_PROBLEM TO WORK ON_. Once the line containing "Pyjama set with" is found in the entries below, reproduce it and every line after it, stopping at and including the line containing "Le savon à vaisselle"; reproduce nothing else, and keep each line exact.
##### RECORD EXTRACTS
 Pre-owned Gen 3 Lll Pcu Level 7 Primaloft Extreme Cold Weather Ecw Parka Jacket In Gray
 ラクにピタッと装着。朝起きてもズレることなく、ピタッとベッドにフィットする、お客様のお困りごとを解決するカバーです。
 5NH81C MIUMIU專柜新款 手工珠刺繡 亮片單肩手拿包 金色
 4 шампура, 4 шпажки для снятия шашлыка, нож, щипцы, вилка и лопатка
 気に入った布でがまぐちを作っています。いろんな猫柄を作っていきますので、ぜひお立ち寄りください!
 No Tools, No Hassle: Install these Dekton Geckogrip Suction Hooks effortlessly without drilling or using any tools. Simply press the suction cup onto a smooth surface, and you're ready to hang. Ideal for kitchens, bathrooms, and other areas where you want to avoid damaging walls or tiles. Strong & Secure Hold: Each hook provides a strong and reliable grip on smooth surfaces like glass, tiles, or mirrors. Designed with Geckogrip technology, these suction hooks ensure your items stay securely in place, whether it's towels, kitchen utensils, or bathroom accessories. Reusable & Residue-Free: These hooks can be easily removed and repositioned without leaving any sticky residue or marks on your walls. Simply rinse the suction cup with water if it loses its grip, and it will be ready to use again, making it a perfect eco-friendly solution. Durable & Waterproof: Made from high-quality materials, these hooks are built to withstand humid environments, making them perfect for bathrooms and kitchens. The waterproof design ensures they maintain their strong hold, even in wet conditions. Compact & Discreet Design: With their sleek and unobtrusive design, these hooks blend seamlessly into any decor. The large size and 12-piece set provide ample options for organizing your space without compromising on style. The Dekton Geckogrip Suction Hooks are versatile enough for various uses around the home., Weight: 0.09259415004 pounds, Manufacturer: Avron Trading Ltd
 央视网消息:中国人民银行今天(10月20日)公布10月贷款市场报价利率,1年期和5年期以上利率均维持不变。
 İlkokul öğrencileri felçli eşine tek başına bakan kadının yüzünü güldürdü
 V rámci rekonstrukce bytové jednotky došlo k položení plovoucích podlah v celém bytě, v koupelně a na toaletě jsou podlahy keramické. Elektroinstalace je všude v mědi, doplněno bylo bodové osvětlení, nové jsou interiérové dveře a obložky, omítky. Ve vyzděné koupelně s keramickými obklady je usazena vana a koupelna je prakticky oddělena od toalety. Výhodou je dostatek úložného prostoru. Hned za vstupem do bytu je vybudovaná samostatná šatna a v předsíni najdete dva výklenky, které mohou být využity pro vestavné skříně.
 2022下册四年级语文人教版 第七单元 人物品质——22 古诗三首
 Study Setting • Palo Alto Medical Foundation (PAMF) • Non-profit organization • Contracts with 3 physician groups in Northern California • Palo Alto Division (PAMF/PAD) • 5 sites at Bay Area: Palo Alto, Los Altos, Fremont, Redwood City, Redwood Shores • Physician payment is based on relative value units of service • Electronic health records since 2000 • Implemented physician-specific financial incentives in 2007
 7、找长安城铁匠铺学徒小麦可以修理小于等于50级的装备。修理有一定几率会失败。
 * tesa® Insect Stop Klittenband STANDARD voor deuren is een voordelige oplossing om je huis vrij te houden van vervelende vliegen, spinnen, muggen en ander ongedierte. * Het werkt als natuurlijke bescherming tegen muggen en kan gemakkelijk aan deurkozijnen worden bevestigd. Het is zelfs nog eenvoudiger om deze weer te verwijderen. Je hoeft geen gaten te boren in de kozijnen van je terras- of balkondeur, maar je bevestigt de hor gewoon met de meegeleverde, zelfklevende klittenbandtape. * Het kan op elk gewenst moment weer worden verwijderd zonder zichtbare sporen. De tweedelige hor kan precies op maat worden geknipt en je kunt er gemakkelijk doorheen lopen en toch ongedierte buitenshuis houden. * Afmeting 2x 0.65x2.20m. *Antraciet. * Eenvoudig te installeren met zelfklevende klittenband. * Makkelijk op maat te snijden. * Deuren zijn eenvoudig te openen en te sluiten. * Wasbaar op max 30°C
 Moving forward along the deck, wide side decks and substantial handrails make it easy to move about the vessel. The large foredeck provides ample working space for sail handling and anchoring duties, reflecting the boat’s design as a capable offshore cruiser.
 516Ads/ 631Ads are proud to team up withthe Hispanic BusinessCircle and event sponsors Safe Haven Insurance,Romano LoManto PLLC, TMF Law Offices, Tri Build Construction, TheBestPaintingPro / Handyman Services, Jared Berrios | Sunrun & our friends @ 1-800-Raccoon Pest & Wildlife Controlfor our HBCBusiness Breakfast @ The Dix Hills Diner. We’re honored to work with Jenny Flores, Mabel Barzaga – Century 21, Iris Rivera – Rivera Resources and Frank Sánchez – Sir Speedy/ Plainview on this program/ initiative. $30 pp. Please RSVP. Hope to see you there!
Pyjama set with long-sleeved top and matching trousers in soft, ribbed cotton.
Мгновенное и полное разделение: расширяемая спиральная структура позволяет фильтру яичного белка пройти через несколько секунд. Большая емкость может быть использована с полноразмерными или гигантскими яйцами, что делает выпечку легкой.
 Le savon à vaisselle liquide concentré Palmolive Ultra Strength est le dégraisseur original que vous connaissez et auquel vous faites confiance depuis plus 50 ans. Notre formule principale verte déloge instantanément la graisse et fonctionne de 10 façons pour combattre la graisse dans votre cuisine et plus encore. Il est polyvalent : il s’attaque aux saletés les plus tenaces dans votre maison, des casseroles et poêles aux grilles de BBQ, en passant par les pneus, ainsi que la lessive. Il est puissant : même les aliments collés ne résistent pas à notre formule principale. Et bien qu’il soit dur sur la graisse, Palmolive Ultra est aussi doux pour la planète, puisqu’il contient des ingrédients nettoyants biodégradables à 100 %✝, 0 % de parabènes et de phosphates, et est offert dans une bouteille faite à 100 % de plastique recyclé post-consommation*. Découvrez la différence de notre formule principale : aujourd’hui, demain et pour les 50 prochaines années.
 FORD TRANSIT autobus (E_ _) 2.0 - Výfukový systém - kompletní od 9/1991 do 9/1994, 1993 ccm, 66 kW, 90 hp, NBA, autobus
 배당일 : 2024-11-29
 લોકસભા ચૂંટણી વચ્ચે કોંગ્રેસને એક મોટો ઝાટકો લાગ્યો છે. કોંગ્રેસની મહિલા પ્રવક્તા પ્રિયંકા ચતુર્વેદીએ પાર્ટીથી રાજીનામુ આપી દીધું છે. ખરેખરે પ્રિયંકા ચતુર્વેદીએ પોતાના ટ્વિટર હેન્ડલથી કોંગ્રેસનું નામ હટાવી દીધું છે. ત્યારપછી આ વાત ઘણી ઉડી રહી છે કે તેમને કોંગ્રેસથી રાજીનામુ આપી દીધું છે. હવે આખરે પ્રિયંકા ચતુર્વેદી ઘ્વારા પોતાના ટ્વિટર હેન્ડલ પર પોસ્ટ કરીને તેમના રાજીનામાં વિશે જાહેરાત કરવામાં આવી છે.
##########
_WRITTEN ANSWER_.
Pyjama set with long-sleeved top and matching trousers in soft, ribbed cotton.
Мгновенное и полное разделение: расширяемая спиральная структура позволяет фильтру яичного белка пройти через несколько секунд. Большая емкость может быть использована с полноразмерными или гигантскими яйцами, что делает выпечку легкой.
 Le savon à vaisselle liquide concentré Palmolive Ultra Strength est le dégraisseur original que vous connaissez et auquel vous faites confiance depuis plus 50 ans. Notre formule principale verte déloge instantanément la graisse et fonctionne de 10 façons pour combattre la graisse dans votre cuisine et plus encore. Il est polyvalent : il s’attaque aux saletés les plus tenaces dans votre maison, des casseroles et poêles aux grilles de BBQ, en passant par les pneus, ainsi que la lessive. Il est puissant : même les aliments collés ne résistent pas à notre formule principale. Et bien qu’il soit dur sur la graisse, Palmolive Ultra est aussi doux pour la planète, puisqu’il contient des ingrédients nettoyants biodégradables à 100 %✝, 0 % de parabènes et de phosphates, et est offert dans une bouteille faite à 100 % de plastique recyclé post-consommation*. Découvrez la différence de notre formule principale : aujourd’hui, demain et pour les 50 prochaines années.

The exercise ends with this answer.